RE: Bug with hidden group containing an element with a 1-bit value?

Posted by "Costello, Roger L." <co...@mitre.org>.
That fixed it - thank you Steve!

One more question, if I may.

Here is the output that I am now getting:

<Characteristics>
    <Characteristic-16>0</Characteristic-16>
    <Characteristic-15>0</Characteristic-15>
    <Characteristic-14>0</Characteristic-14>
    <Characteristic-13>0</Characteristic-13>
    <Characteristic-12>0</Characteristic-12>
    <Characteristic-11>If the image is on removable media, copy it to and run it from the swap file</Characteristic-11>
    <Characteristic-10>Debugging information was removed and stored separately in another file</Characteristic-10>
    <Characteristic-9>The computer supports 32-bit words</Characteristic-9>
    <Characteristic-8>0</Characteristic-8>
    <Characteristic-7>0</Characteristic-7>
    <Characteristic-6>0</Characteristic-6>
    <Characteristic-5>0</Characteristic-5>
    <Characteristic-4>0</Characteristic-4>
    <Characteristic-3>0</Characteristic-3>
    <Characteristic-2>0</Characteristic-2>
    <Characteristic-1>Relocation information was stripped from file</Characteristic-1>
</Characteristics>

That is okay, but I would like to get rid of the -N (e.g., Characteristic-1).
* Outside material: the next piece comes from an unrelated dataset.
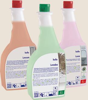 Mit „Lavosen“ launcht hollu einen schonenden wie effektiven Sanitärreiniger, der Neuverschmutzungen vorbeugt und einen angenehmen Frischeduft hinterlässt. Er entfernt leichte Kalkablagerungen auf allen säurebeständigen Oberflächen und schont das (Kunststoff)Material. Dank seiner hydrophilen Wirkung erleichtert „Lavosen“ die Folgereinigung („Easy-to-CleanEffekt“). www.hollu.com
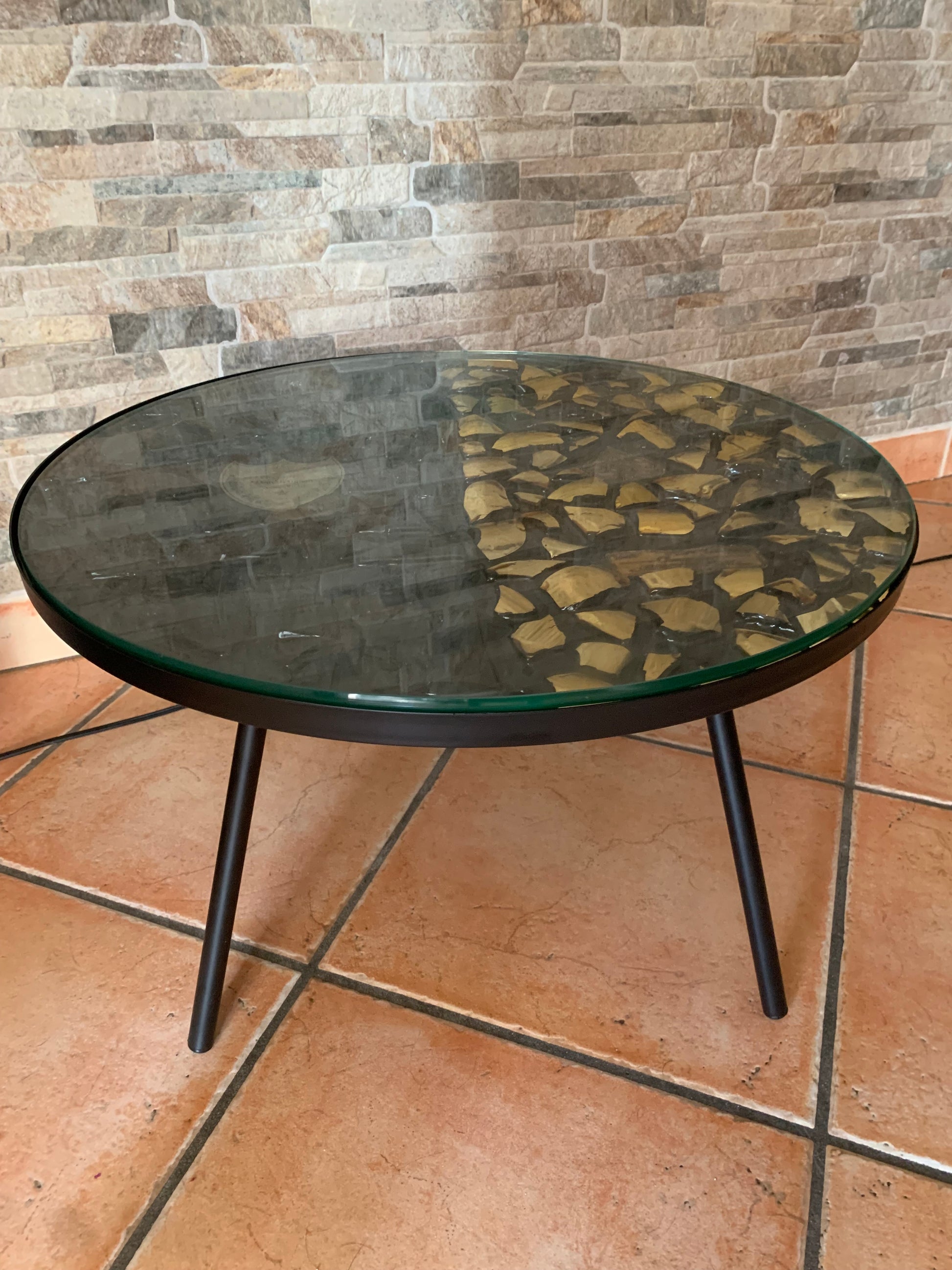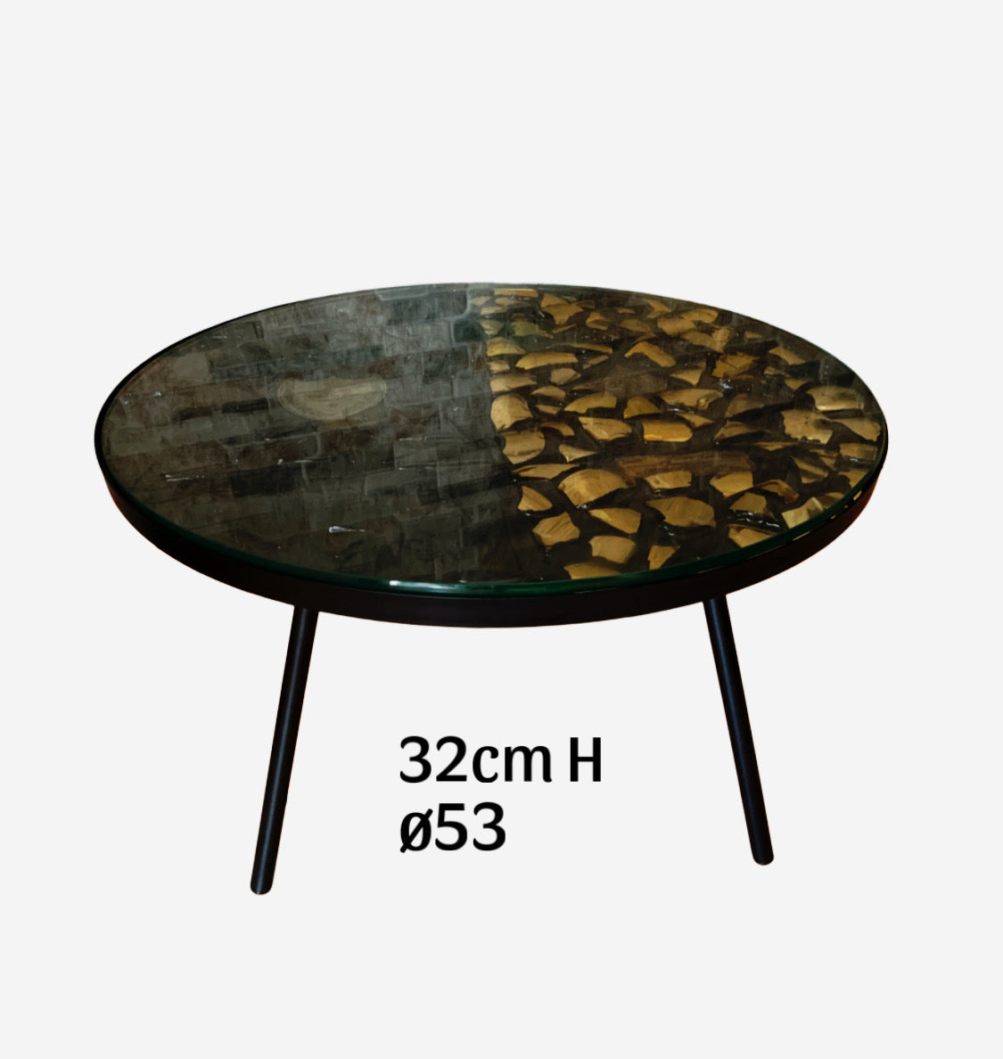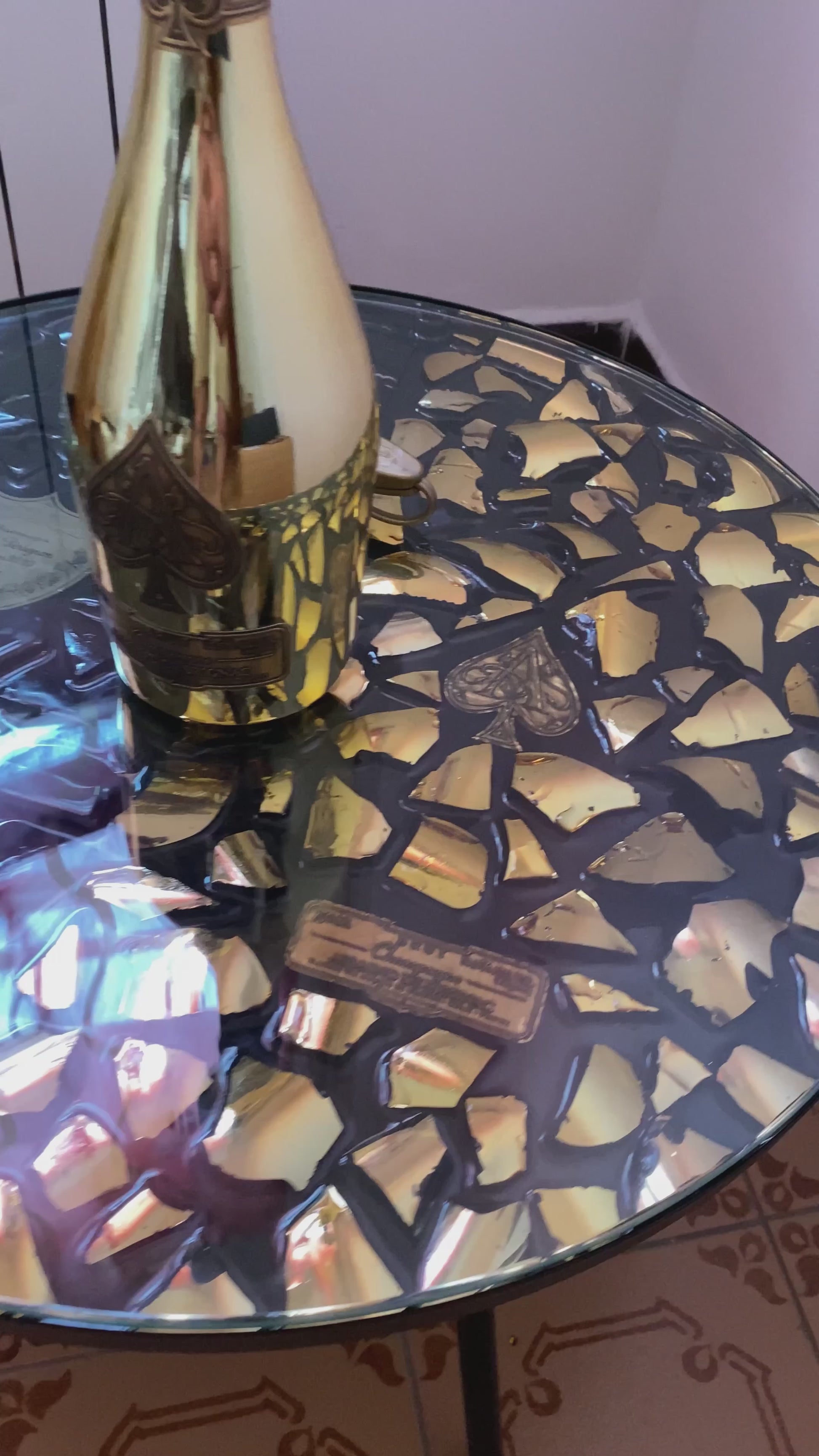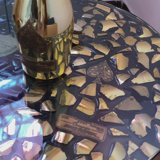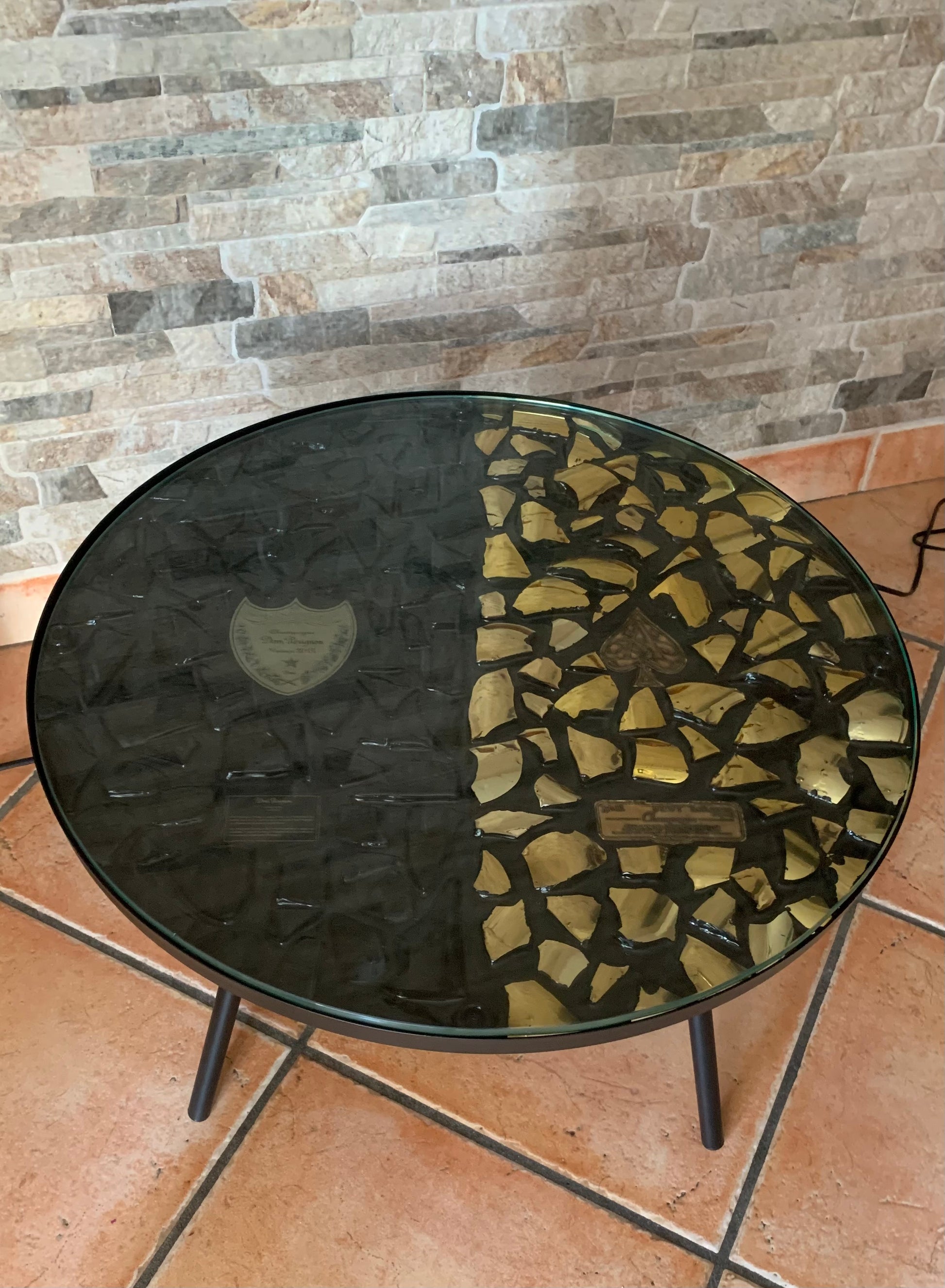 Tavolo artigianale di ottima qualità, realizzato con una bottiglia di Dom Pèrignon Vintage, Armand de Brignac Gold e Resina.

I'd like to output this XML:

<Characteristics>
    <Characteristic->0</Characteristic->
    <Characteristic>0</Characteristic>
    <Characteristic>0</Characteristic>
    <Characteristic>0</Characteristic>
    <Characteristic>0</Characteristic>
    <Characteristic>If the image is on removable media, copy it to and run it from the swap file</Characteristic>
    <Characteristic>Debugging information was removed and stored separately in another file</Characteristic>
    <Characteristic>The computer supports 32-bit words</Characteristic>
    <Characteristic>0</Characteristic>
    <Characteristic>0</Characteristic>
    <Characteristic>0</Characteristic>
    <Characteristic>0</Characteristic>
    <Characteristic>0</Characteristic>
    <Characteristic>0</Characteristic>
    <Characteristic>0</Characteristic>
    <Characteristic>Relocation information was stripped from file</Characteristic>
</Characteristics>

Even better, I'd like to omit completely Characteristic elements with no message: 

<Characteristics>
    <Characteristic>If the image is on removable media, copy it to and run it from the swap file</Characteristic>
    <Characteristic>Debugging information was removed and stored separately in another file</Characteristic>
    <Characteristic>The computer supports 32-bit words</Characteristic>
    <Characteristic>Relocation information was stripped from file</Characteristic>
</Characteristics>

Is that possible (and still be able to unparse the XML)?

/Roger


-----Original Message-----
From: Steve Lawrence <sl...@apache.org> 
Sent: Monday, November 12, 2018 3:05 PM
To: users@daffodil.apache.org; Costello, Roger L. <co...@mitre.org>
Subject: Re: Bug with hidden group containing an element with a 1-bit value?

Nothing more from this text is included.